| Material for the task |
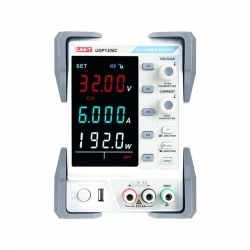 PARAMETRY GŁÓWNE Kanał 1/kanał 2 Napięcie wyjściowe: 0 ~ 32 V Natężenie prądu wyjściowego: 0 ~ 6 A Moc wyjściowa: 192 W Stabilizacja: • Napięcie wyjściowe: <0,01% + 5 mV • Natężenie prądu wyjściowego: <0,1% + 10 mA Liniowość regulacji: • Napięcie wyjściowe: <0,01% + 3 mV • Natężenie prądu wyjściowego: <0,1% + 3 mA Rozdzielczość: • Napięcie wyjściowe: 10 mV • Natężenie prądu wyjściowego: 1 mA Dokładność pomiaru (25°C ±5°C): • Napięcie wyjściowe: <0,5% odczytu + 20 mV • Natężenie prądu wyjściowego: <0,5% odczytu + 10 mA Tętnienia (20 Hz ~ 20 MHz): • Napięcie wyjściowe: =<2 mV rms • Natężenie prądu wyjściowego: =<3 mA rms Opóźnienie narastania napięcia: =<100 ms (10% nastawionej wartości) Współczynnik temperaturowy napięcia wyjściowego: <=300 ppm/°C Współczynnik temperaturowy natężenia prądu wyjściowego: <=300 ppm/°C CECHY OGÓLNE Porty: USB Host (5 V/2 A), USB, RS-232 3 wyświetlacze 4-cyfrowe w wysokiej rozdzielczości, wyświetlające napięcie i prąd Zasilanie: AC 100 V/120 V/220 V/230 V ±10%, 50 Hz/60 Hz Wymiary: 136 x 194 x 327 mm Waga: 7,5 kg Akcesoria: Przewód sieciowy, przewód USB
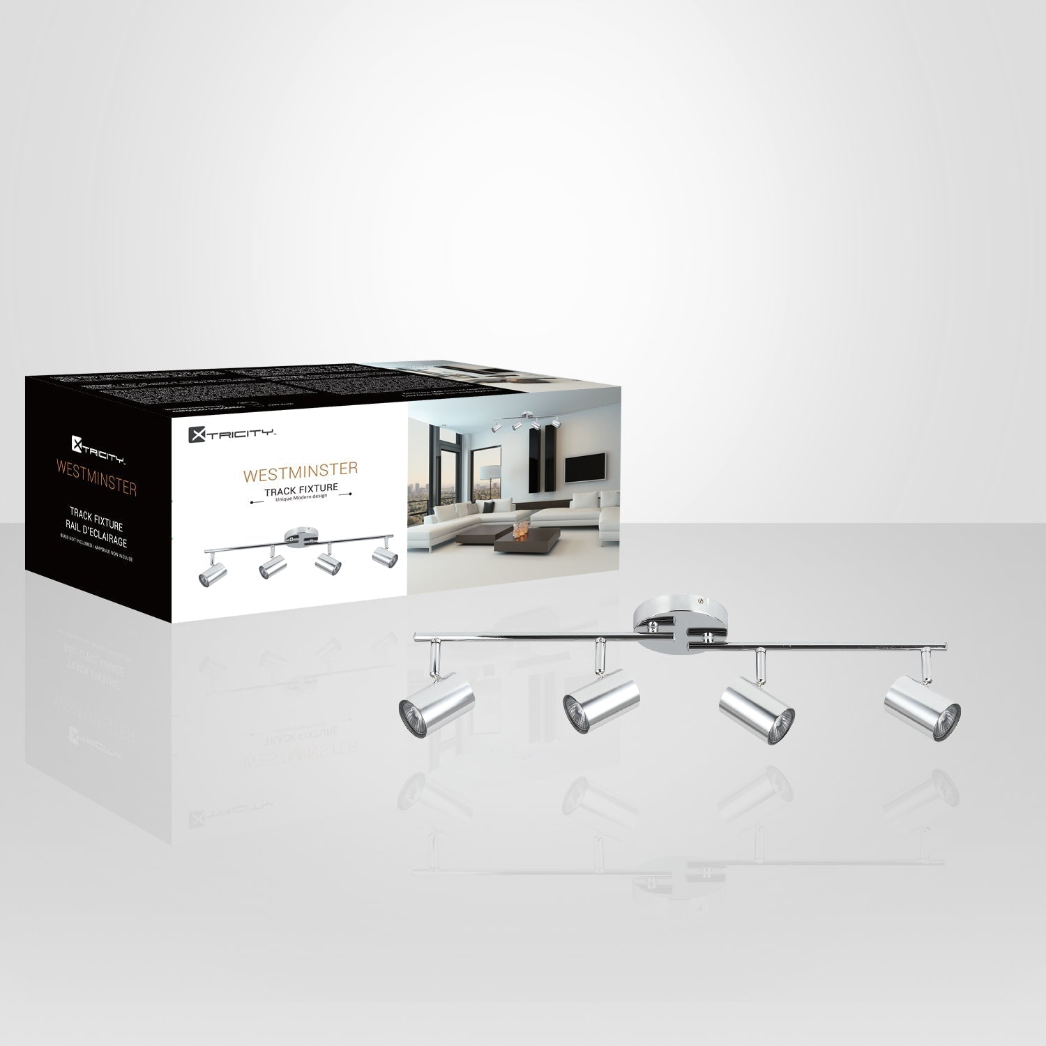 Optimize your interior lighting with the Xtricity 4-Head Ceiling Light from the Westminster Collection. This sleek chrome finished track lighting brings sophisticated modernity to any room. With 4 Culot GU10 bulbs (35W max each, sold separately), this fixture offers versatile and adjustable brightness to create the perfect ambiance. The contemporary design combined with the exceptional quality of the Westminster Collection makes this ceiling light an ideal choice for highlighting your space with style and functionality.
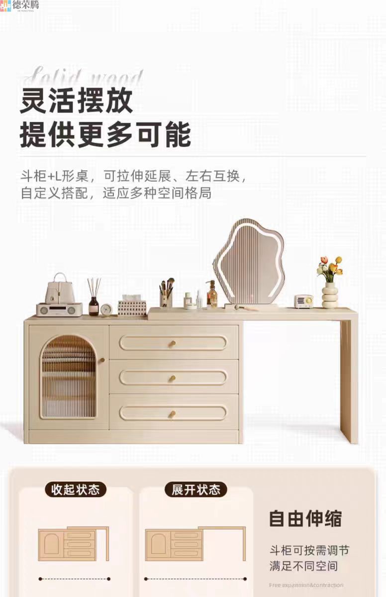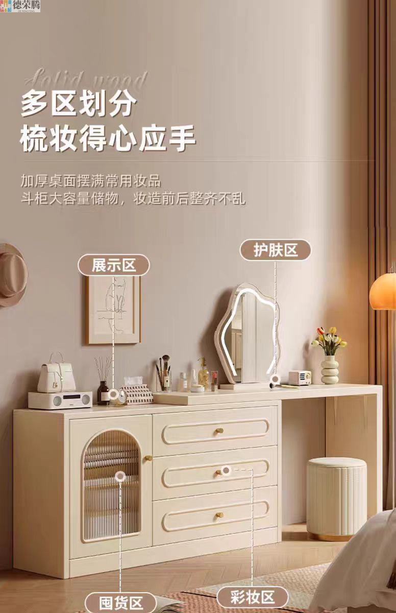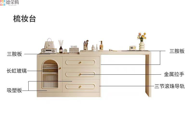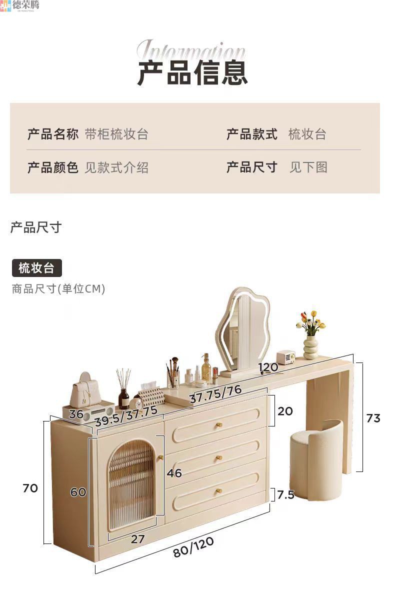 2024 새로운 크림 스타일 메이크업 테이블 침실 간단한 현대 침대 옆 테이블 드레싱 테이블 저장 캐비닛 통합 드레싱 테이블스토어 가기
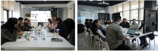 3月16日,师生团队乘火车抵达西安,首站入驻欧亚学院。次日,实践教学以一场“双线并行”的活动拉开序幕:欧亚学院牛玉玺老师为学生做“About 设计”专题讲座,随后带领学生参观了欧亚设计博物馆,通过展陈的现代设计作品与数字艺术装置,感受设计语言的时代变迁;教师组在学院陈琳老师的带领下参观了艾德设计学院的工作坊、实训室、展览厅、产学研中心等,随后由艾德设计学院院长助理郑乐老师主持交流活动,活动围绕“视觉传达专业改革”“AI技术赋能设计教育”等议题展开深入研讨。郑乐老师统阐述了学院“雇主导向”与“在地国际化”两大核心理念,并指出设计教育需直面行业需求,以雇主需求倒推课程设计,同时立足本土文化资源,培养兼具国际视野与在地实践能力的复合型人才。同时,欧亚学院也热情与beat365官网教师分享了其特色教学模式:如工作室设置双导师制度,即每个工作室配备“行业导师+专业导师”,企业专家全程参与课程设计;学院设置了专业主理人制,即由青年教师牵头成立主题工作室,通过自下而上的方式推动专业创新;另一方面,艾德设计学院在实际教育活动中立足项目化教学,让所有课程以真实项目为载体,教师学生作品被纳入地方文化推广计划。
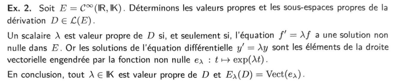 Soit E = Cinf (IR, IK). Déterminons les valeurs propres et les sous-espaces propres de la
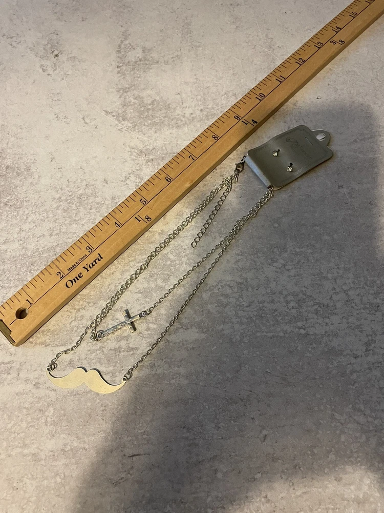 HomePrincess Accessories Rhinestone Cross Necklace And Earrings With Mustache NWT
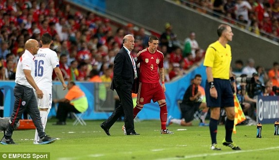 | "Ngài râu kẽm" tăng cường hàng công cho ĐT Tây Ban Nha khi đưa Torres vào sân, nhưng đáng tiếc là anh cũng không thể giúp đội nhà xuyên thủng mành lưới Chile. |
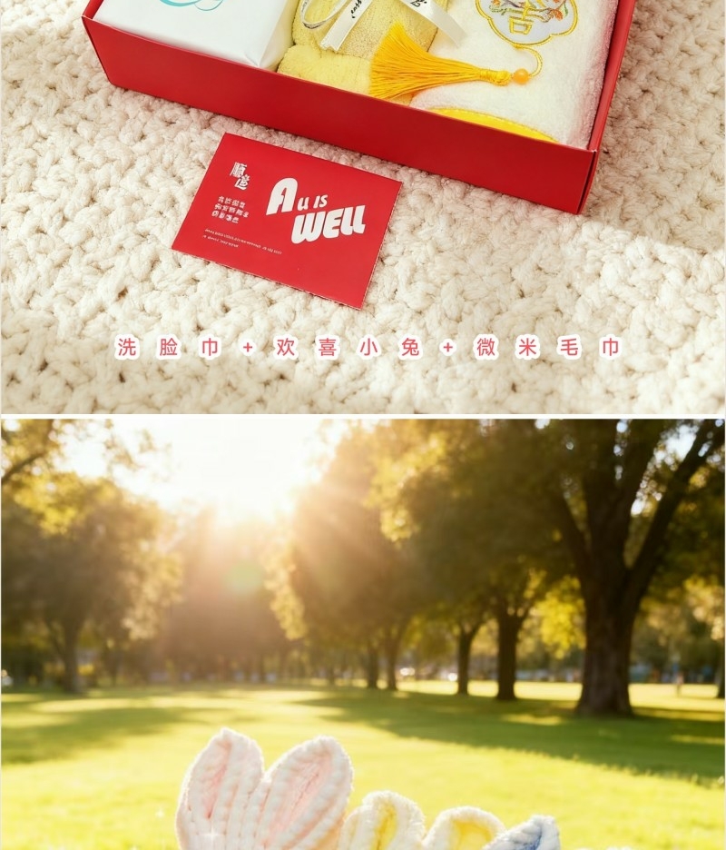 配置清单:洗脸巾*1、欢喜小兔*1、国风微米毛巾*1
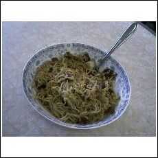 este plato de fideos me recuerda a algunos de los platos de tallarines en PF Changs. Su casi como cojín tailandés también pero no del todo. Le advertirá que es un poco picante. Si usted está cocinando para el kiddos puede reducir la salsa de ajo d
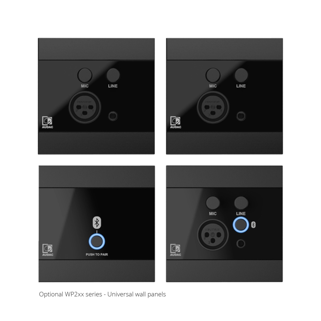 A remote input connection implemented through an RJ45 connector allows wall panel connections, expanding the system through remote input modules. Control up to 4 ARES5A sets (8 speakers) with the WP2xx series remote wall mixers.
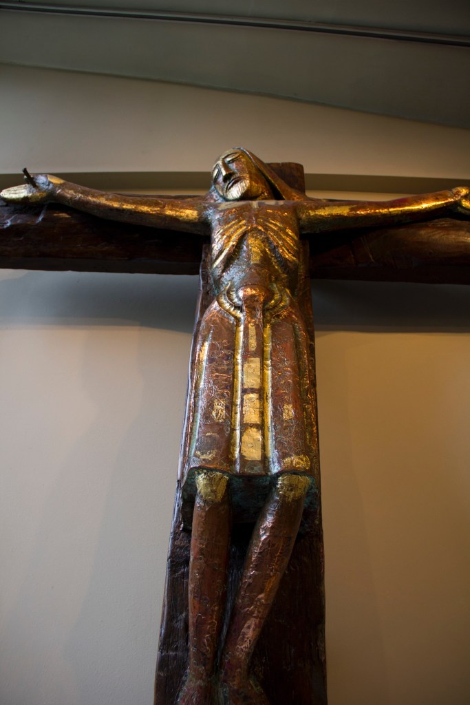 Previous Image Next Image SPC_Interior 36 Close up of a heavily stylised modern crucifix hanging over a small side chapel altar in St. Philips’ Cathedral, Birmingham. St Philips Cathedral, Christianity, church, Birmingham, statue, modern, contemporary religion, Christ, Crucifix Like Loading...
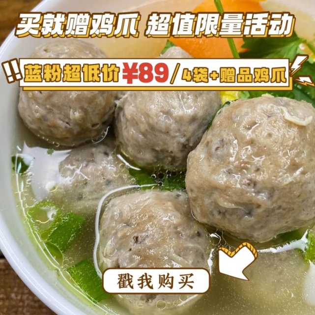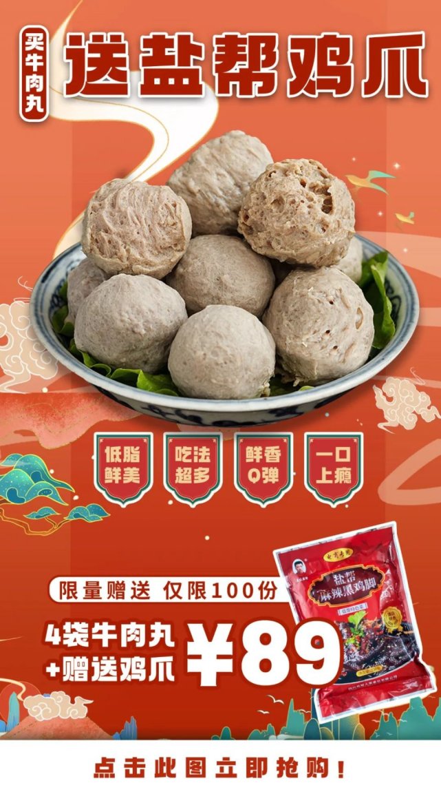 4袋牛肉丸89,还赠送盐帮无骨麻辣黑鸡爪一份!赠品仅限100份,可叠加,多买多送,数量有限,先购先得!
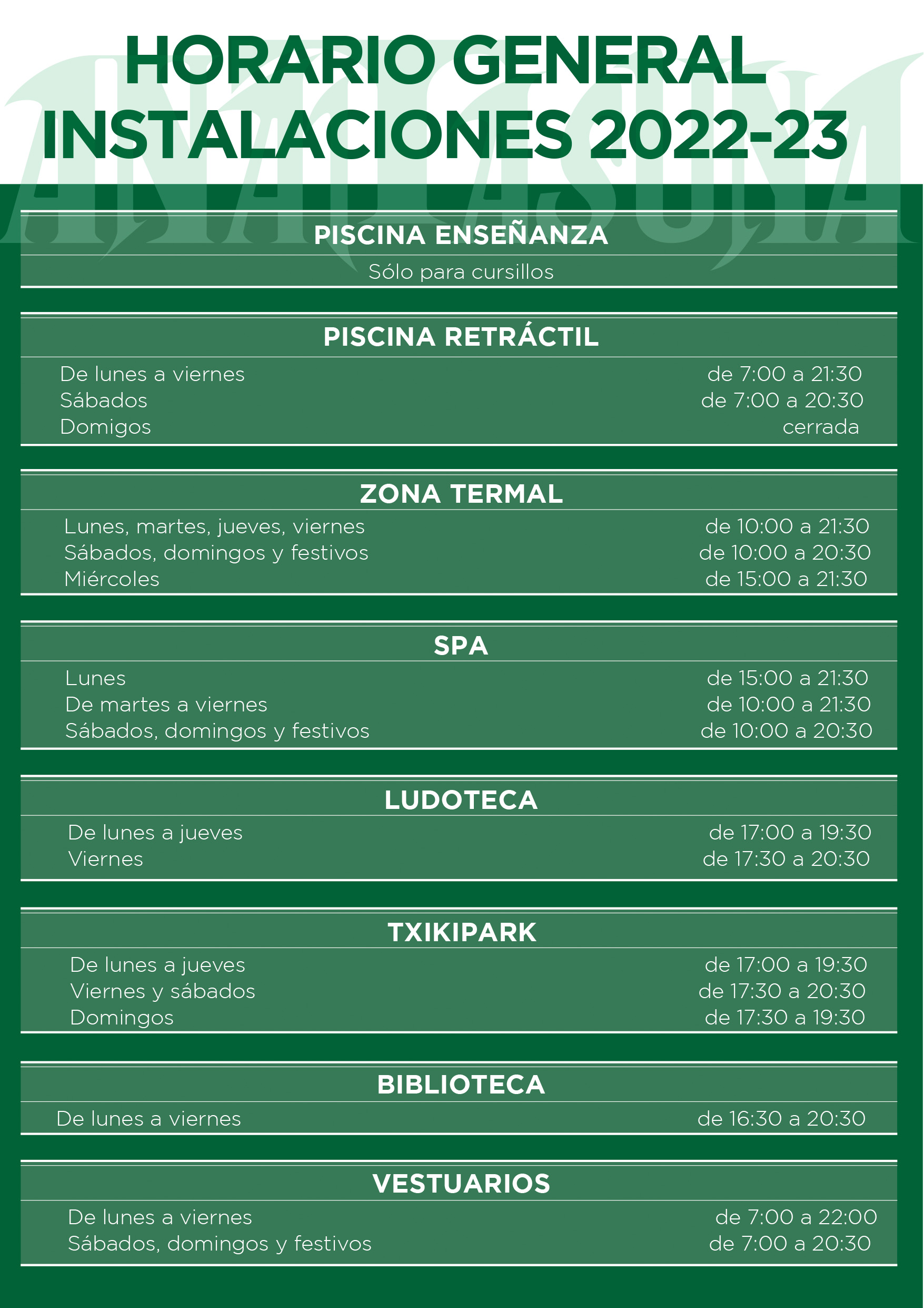 Salvo en las saunas (masculina y femenina), el resto de servicios es mixto y en ellos es obligatorio el uso de bañador.
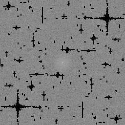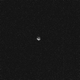 It's still noisy, but Phobos seems a bit brighter than the background. Re-scaling the brightness ought to bring out the contrast a little. Suppose the pixel values are on a scale from zero to one. Pick a value, say 0.4 (the actual value I used depended on the median pixel value in the filtered image), that we hope Phobos's brightness is greater than. Then squish any pixels in the 0 to 0.4 range down to 0 to 0.1, and spread out pixels from 0.4 to 1 across 0.1 to 1. Here is the result:
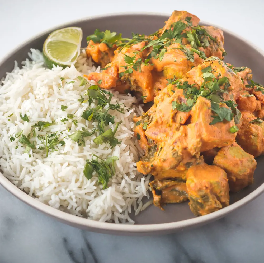 Even though the concept of chicken curry and rice is similar to some other recipes on this list, this dish is distinguished by the aromatic flavors of the traditional curry. This globally beloved dish sees succulent chicken pieces simmered in a rich, fragrant curry sauce crafted with a blend of turmeric, cumin, coriander, and more.
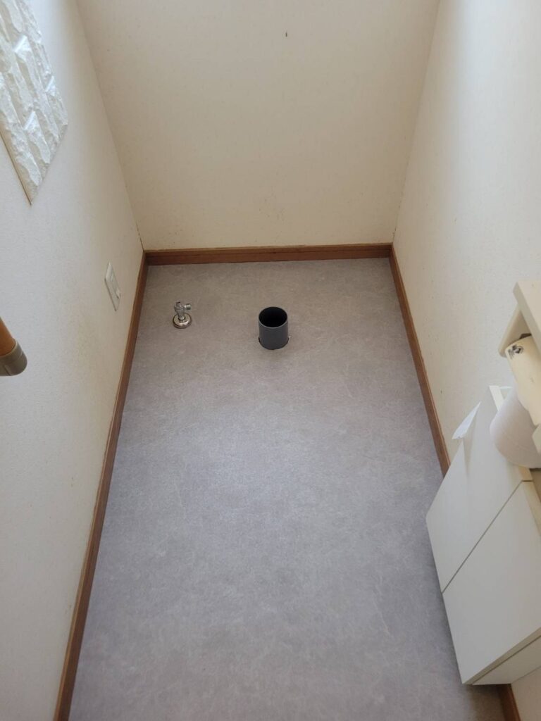 今回はトイレ本体の交換に加え、床材の張り替えもご提案させていただきました。設備のみの交換でも改善は可能ですが、内装もあわせて施工することで、より快適で統一感のある空間に仕上がります。
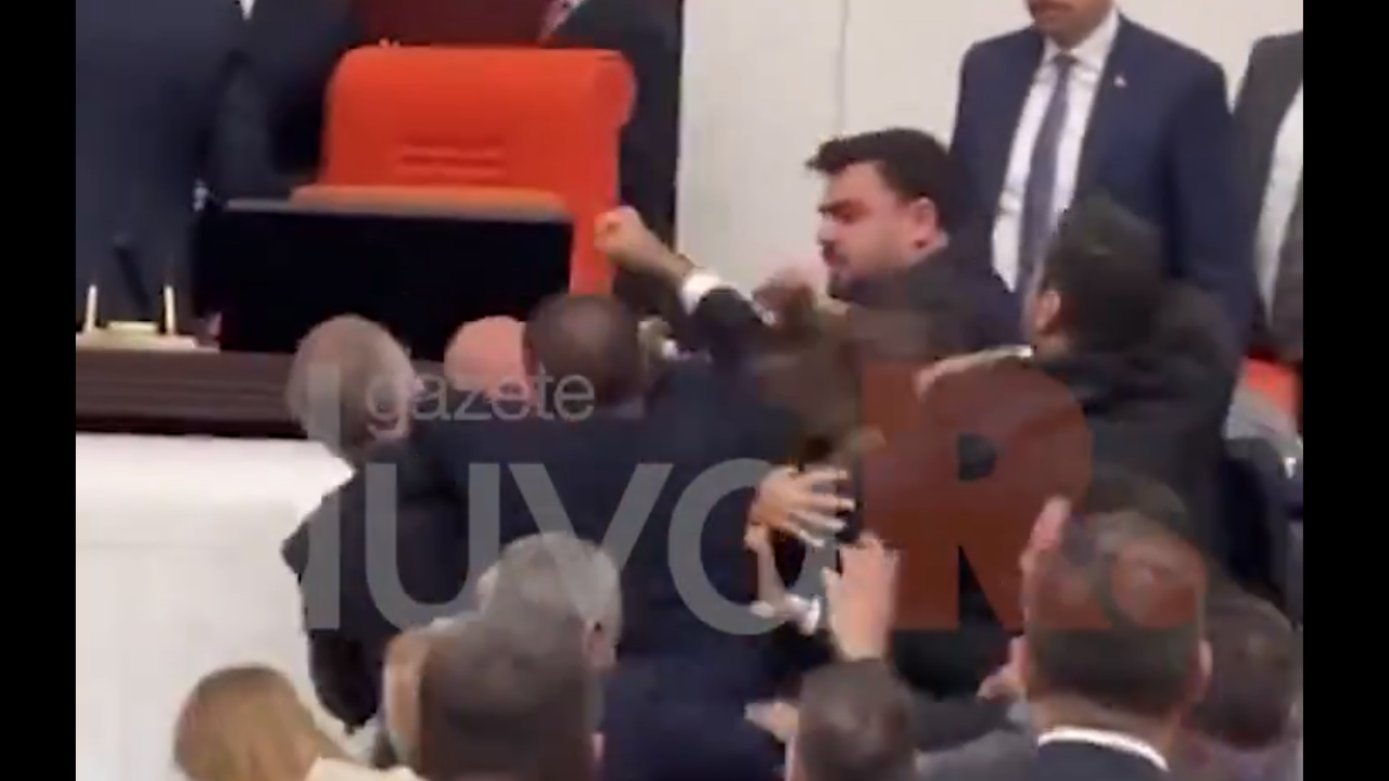 Άγριες σκηνές βίας έλαβαν χώρα για μία ακόμη φορά στην τουρκική Βουλή, κατά την ομιλία του βουλευτή Ahmet Şık.

| Work required |
Except for the pictures, give all the material above again verbatim.

| Result of the exercise |
 PARAMETRY GŁÓWNE Kanał 1/kanał 2 Napięcie wyjściowe: 0 ~ 32 V Natężenie prądu wyjściowego: 0 ~ 6 A Moc wyjściowa: 192 W Stabilizacja: • Napięcie wyjściowe: <0,01% + 5 mV • Natężenie prądu wyjściowego: <0,1% + 10 mA Liniowość regulacji: • Napięcie wyjściowe: <0,01% + 3 mV • Natężenie prądu wyjściowego: <0,1% + 3 mA Rozdzielczość: • Napięcie wyjściowe: 10 mV • Natężenie prądu wyjściowego: 1 mA Dokładność pomiaru (25°C ±5°C): • Napięcie wyjściowe: <0,5% odczytu + 20 mV • Natężenie prądu wyjściowego: <0,5% odczytu + 10 mA Tętnienia (20 Hz ~ 20 MHz): • Napięcie wyjściowe: =<2 mV rms • Natężenie prądu wyjściowego: =<3 mA rms Opóźnienie narastania napięcia: =<100 ms (10% nastawionej wartości) Współczynnik temperaturowy napięcia wyjściowego: <=300 ppm/°C Współczynnik temperaturowy natężenia prądu wyjściowego: <=300 ppm/°C CECHY OGÓLNE Porty: USB Host (5 V/2 A), USB, RS-232 3 wyświetlacze 4-cyfrowe w wysokiej rozdzielczości, wyświetlające napięcie i prąd Zasilanie: AC 100 V/120 V/220 V/230 V ±10%, 50 Hz/60 Hz Wymiary: 136 x 194 x 327 mm Waga: 7,5 kg Akcesoria: Przewód sieciowy, przewód USB
 Optimize your interior lighting with the Xtricity 4-Head Ceiling Light from the Westminster Collection. This sleek chrome finished track lighting brings sophisticated modernity to any room. With 4 Culot GU10 bulbs (35W max each, sold separately), this fixture offers versatile and adjustable brightness to create the perfect ambiance. The contemporary design combined with the exceptional quality of the Westminster Collection makes this ceiling light an ideal choice for highlighting your space with style and functionality.
 2024 새로운 크림 스타일 메이크업 테이블 침실 간단한 현대 침대 옆 테이블 드레싱 테이블 저장 캐비닛 통합 드레싱 테이블스토어 가기
 3月16日,师生团队乘火车抵达西安,首站入驻欧亚学院。次日,实践教学以一场“双线并行”的活动拉开序幕:欧亚学院牛玉玺老师为学生做“About 设计”专题讲座,随后带领学生参观了欧亚设计博物馆,通过展陈的现代设计作品与数字艺术装置,感受设计语言的时代变迁;教师组在学院陈琳老师的带领下参观了艾德设计学院的工作坊、实训室、展览厅、产学研中心等,随后由艾德设计学院院长助理郑乐老师主持交流活动,活动围绕“视觉传达专业改革”“AI技术赋能设计教育”等议题展开深入研讨。郑乐老师统阐述了学院“雇主导向”与“在地国际化”两大核心理念,并指出设计教育需直面行业需求,以雇主需求倒推课程设计,同时立足本土文化资源,培养兼具国际视野与在地实践能力的复合型人才。同时,欧亚学院也热情与beat365官网教师分享了其特色教学模式:如工作室设置双导师制度,即每个工作室配备“行业导师+专业导师”,企业专家全程参与课程设计;学院设置了专业主理人制,即由青年教师牵头成立主题工作室,通过自下而上的方式推动专业创新;另一方面,艾德设计学院在实际教育活动中立足项目化教学,让所有课程以真实项目为载体,教师学生作品被纳入地方文化推广计划。
 Soit E = Cinf (IR, IK). Déterminons les valeurs propres et les sous-espaces propres de la
 HomePrincess Accessories Rhinestone Cross Necklace And Earrings With Mustache NWT
 | "Ngài râu kẽm" tăng cường hàng công cho ĐT Tây Ban Nha khi đưa Torres vào sân, nhưng đáng tiếc là anh cũng không thể giúp đội nhà xuyên thủng mành lưới Chile. |
 配置清单:洗脸巾*1、欢喜小兔*1、国风微米毛巾*1
 este plato de fideos me recuerda a algunos de los platos de tallarines en PF Changs. Su casi como cojín tailandés también pero no del todo. Le advertirá que es un poco picante. Si usted está cocinando para el kiddos puede reducir la salsa de ajo d
 A remote input connection implemented through an RJ45 connector allows wall panel connections, expanding the system through remote input modules. Control up to 4 ARES5A sets (8 speakers) with the WP2xx series remote wall mixers.
 Previous Image Next Image SPC_Interior 36 Close up of a heavily stylised modern crucifix hanging over a small side chapel altar in St. Philips’ Cathedral, Birmingham. St Philips Cathedral, Christianity, church, Birmingham, statue, modern, contemporary religion, Christ, Crucifix Like Loading...
 4袋牛肉丸89,还赠送盐帮无骨麻辣黑鸡爪一份!赠品仅限100份,可叠加,多买多送,数量有限,先购先得!
 Salvo en las saunas (masculina y femenina), el resto de servicios es mixto y en ellos es obligatorio el uso de bañador.
 It's still noisy, but Phobos seems a bit brighter than the background. Re-scaling the brightness ought to bring out the contrast a little. Suppose the pixel values are on a scale from zero to one. Pick a value, say 0.4 (the actual value I used depended on the median pixel value in the filtered image), that we hope Phobos's brightness is greater than. Then squish any pixels in the 0 to 0.4 range down to 0 to 0.1, and spread out pixels from 0.4 to 1 across 0.1 to 1. Here is the result:
 Even though the concept of chicken curry and rice is similar to some other recipes on this list, this dish is distinguished by the aromatic flavors of the traditional curry. This globally beloved dish sees succulent chicken pieces simmered in a rich, fragrant curry sauce crafted with a blend of turmeric, cumin, coriander, and more.
 今回はトイレ本体の交換に加え、床材の張り替えもご提案させていただきました。設備のみの交換でも改善は可能ですが、内装もあわせて施工することで、より快適で統一感のある空間に仕上がります。
 Άγριες σκηνές βίας έλαβαν χώρα για μία ακόμη φορά στην τουρκική Βουλή, κατά την ομιλία του βουλευτή Ahmet Şık.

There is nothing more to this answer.